# can i freeze my cold smoked salmon



## stringman (Apr 3, 2017)

Hi all

just finished my first cold smoke of a 1lb of salmon fillet.

Only thinking 1 stage at a time I froze the salmon, defrosted it, dry cured it for 24 hours, 12 hours pellicure and about 10 hours smoke.

Its very nice for a 1st attempt but I am unsure if I can freeze it or not?
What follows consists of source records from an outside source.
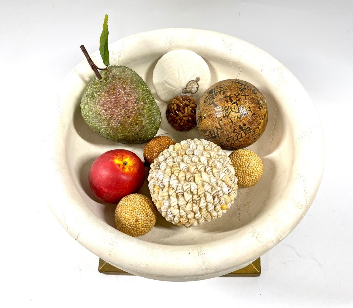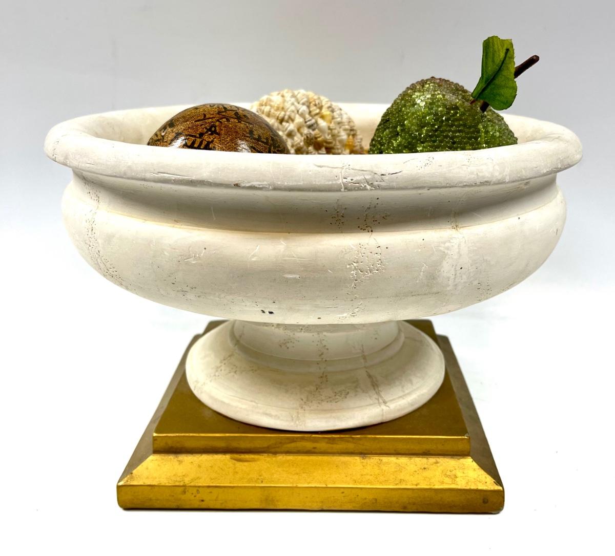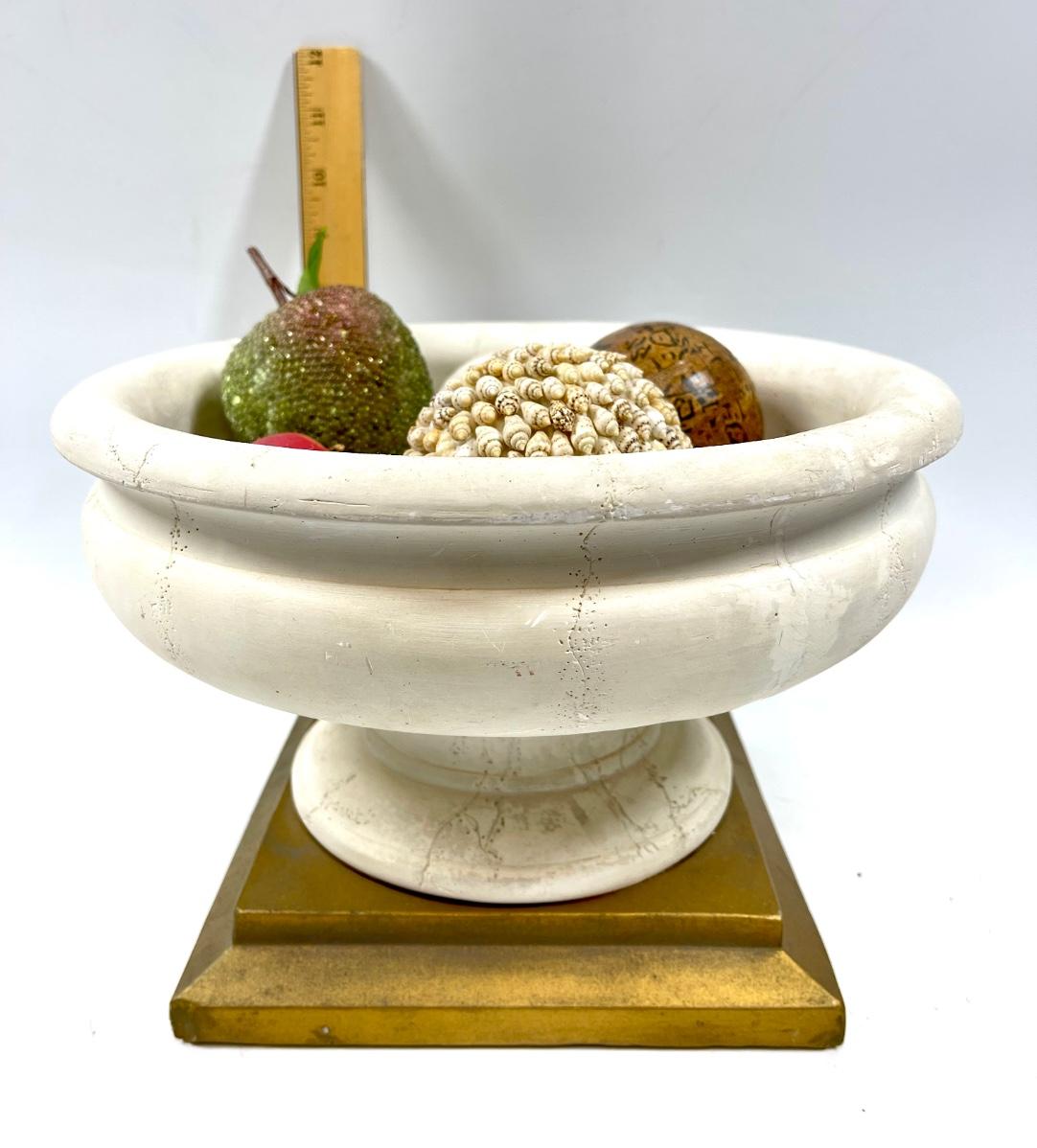 Korean Made white stone fruit bowl with gold base With fake fruit
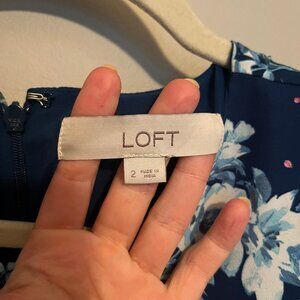 LOFT floral puff sleeve midi dress in beautiful sapphire color
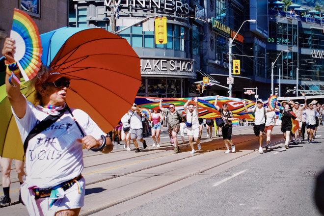游行队伍沿央街向南行进,最终在Queen Street West和Bay Street交汇处结束。

if not how long should it keep in a airtight container in the fridge?

Many thanks


----------



## atomicsmoke (Apr 3, 2017)

You can freeze. Preferable vacuum pack. If not too moist will keep in the fridge,in tbe container one week. If vac pack 2 weeks at least.


----------



## myownidaho (Apr 3, 2017)

If you vacuum seal before you freeze, it can last up to a couple of years.


----------



## stringman (Apr 3, 2017)

I haven't go a vacuum pack yet so single portions in clingfilm in the freezer?


----------



## dirtsailor2003 (Apr 3, 2017)

If you double or triple wrap with your cling wrap it will last up to 6 months in the freezer. But after that it will start to get freezer burn.


----------



## cmayna (Apr 3, 2017)

Yes you can freeze cold smoked Salmon.   I will be doing it again, very soon.


----------